In the rest of this section, we present all the mechanisms involved in detail.

Job Generation: The workload generator produces synthetic workloads according to an experiment definition. The system model is chosen among those produced by the workload model engine (Sect. 3.1). Also, the random generator is initialized with the experiment definition’s seed. The system model selected in the definition is combined with a random number generator to produce synthetic batch jobs. Finally, the workload generator also supports the inclusion of workflows according to the experiment definition (Sect. 3.2).

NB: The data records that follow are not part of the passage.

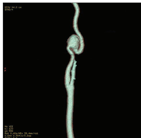
Figure 1. Multislice computed tomography angiography; the right internal carotid artery aneurysm associated with medial kinking

The patient underwent surgery in general anesthesia. Carotid arteries were exposed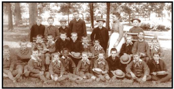
A teacher with her class on the lawn of Columbus State Institute.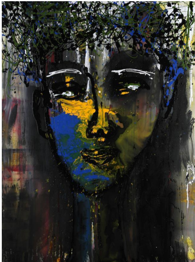
Bharat Thakur's 'Awash'

"The fire burnt so high and strong; A prayer soared to the mighty skies; Awash was the soul with showers; Pouring blue with soothing powers"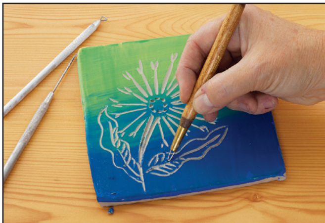
Step 3: Carve through the wax down to the clay beneath.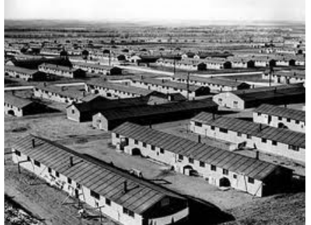
Figure5: Why in the name of Ethnicity?

The evidences of the 15,000 Final Solution camps, constructed throughout Nazi occupied territories (built during 1939–1942) were spawned by Hitler's jingoism and xenophobia. The ghoulish evidence that still challenges a silent deity and impotent world continue to cause shock and horror and stir emotional roots – all in the name of what was called the Third Reich (Fig.5).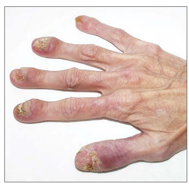
Figure 2 / Obr. 2

signs of myopathy. The patient had had regular menstruation (despite of cachexia) and no gynaecological complains. She had been suffering from diarrhoea and abdominal cramps, these symptoms worsened one month before admission together with a new onset of dysphagia for solids and low-grade fever. The patient was of small stature (152 cm), cachectic, weighting 18.5 kg (body-mass index 8.0 kg/m²). She was of childlike appearance, with a keel-shaped face, nasal prominence, prognathia with small mandible (with very limited motion in the temporo-mandibular joints) and protuberant ears. There were evident signs of chronic oral and nails candidiasis (Figs 1 and 2), confirmed by subsequent culture. In laboratory tests, there were severe iron-deficiency anaemia and borderline leukopoenia, evident signs of T-cell dysfunction (decreased CD-3+ T-lymphocytes, increased T-lymphocytes γ/δ), normal serum immunoglobulins concentrations, normal calcaemia (but metabolic bone disease) and normal thyroid function. HIV testing (1,2) was negative. Antibodies against endomysium and tissue transglutaminase were negative. Connective tissue disease was excluded, too. There was a severe proteino-energy malnutrition (with extremely low serum concentration of prealbumin and transferrin). Abdominal ultrasound showed moderate splenomegaly, gallbladder stones and nephrolithiasis. Tight stenosis of the distal oesophagus was found at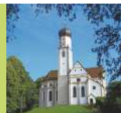
Pilgrimage church of St. Otilia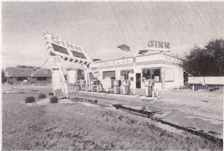
The Ginn Oil Co. station on Abbot Drive in nearby Carter Lake sustained major sign damage during the tornadoes and severe thunderstorms that hit the Omaha-Council Bluffs metropolitan area on July 15. Winds clocked at nearly 100 mph at nearby Eppler Airfield damaged or destroyed business signs throughout the area.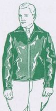
Neat and Trim

This quality all leather jacket is made of full grain black horsehide, soft and pliable, and is shower and wind proof. It is lined thruout with a high grade black moleskin cloth of exceptional wearing qualities. Has Cossack waist band fitted with take up strap to insure a good fit.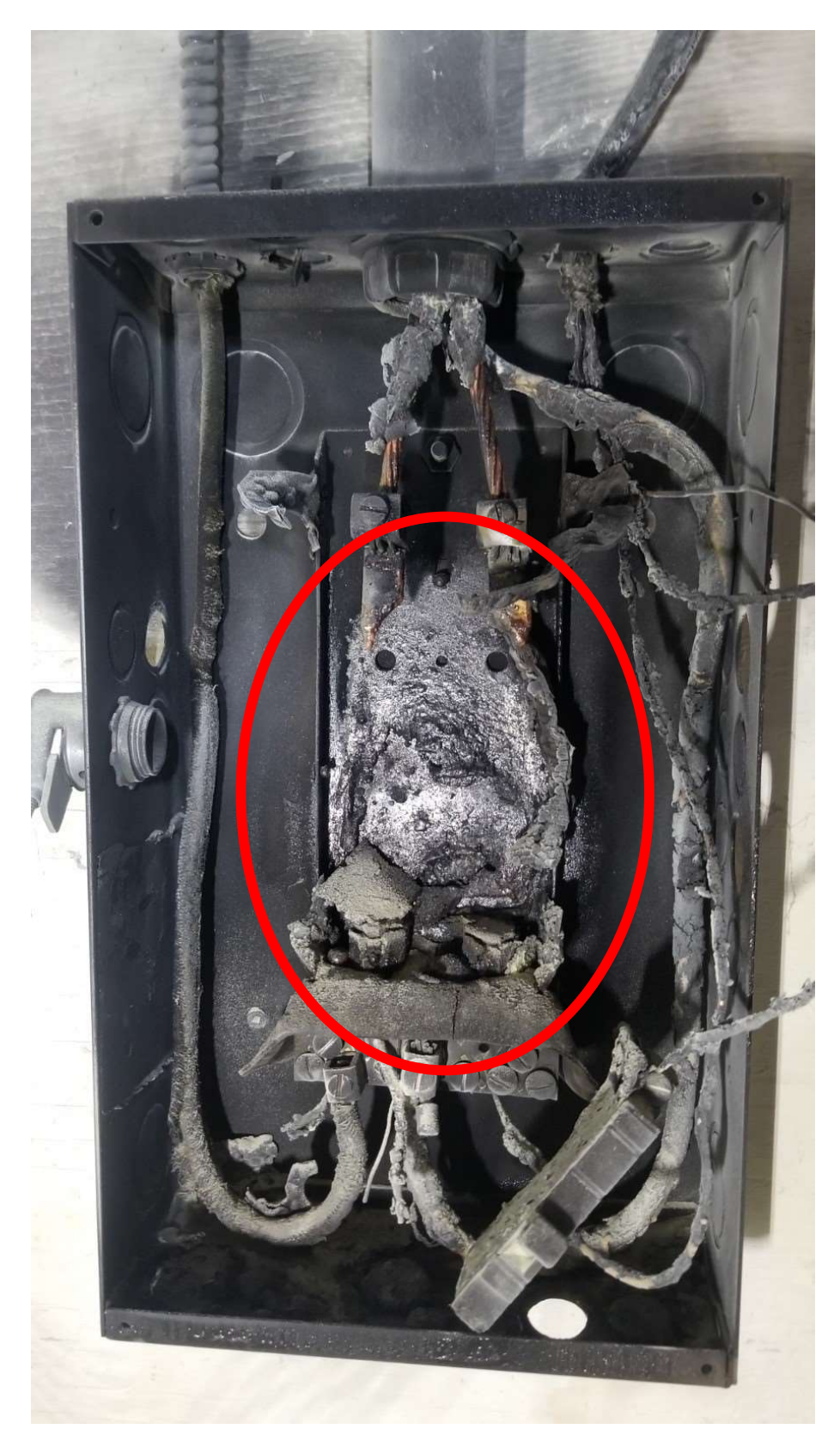
Photo taken of the inside of the panel after the incident. Observe within the red - the area of the large fault occurrence and rapid energy release.

The workload generator fidelity is evaluated by modeling NERSC’s Edison and comparing one year of synthetic workload with the system jobs in 2015. The characteristics of both workloads are presented in Fig. 7, where the histogram and Cumulative distribution functions (CDFs) for inter arrival time, wall clock limit and allocated number of cores are almost identical. For runtime, there are small differences in the histogram that barely impact the CDF.

Fig. 7.
figure 7

Job characteristics in a year of Edison’s real workload (darker) vs. a year of synthetic workload (lighter). Distributions are similar.

Fig. 8.
figure 8

No Job pressure mechanism, No Fill: Low utilization due not enough work.

Fig. 9.
figure 9

Job pressure 1.0, No Fill: Low utilization due to no initial filling jobs.

Fig. 10.
figure 10

Job pressure 1.0, Fill with large jobs: initial falling spikes.

Fig. 11.
figure 11

Job pressure 1.0, Fill with small jobs: Good utilization, more stable start.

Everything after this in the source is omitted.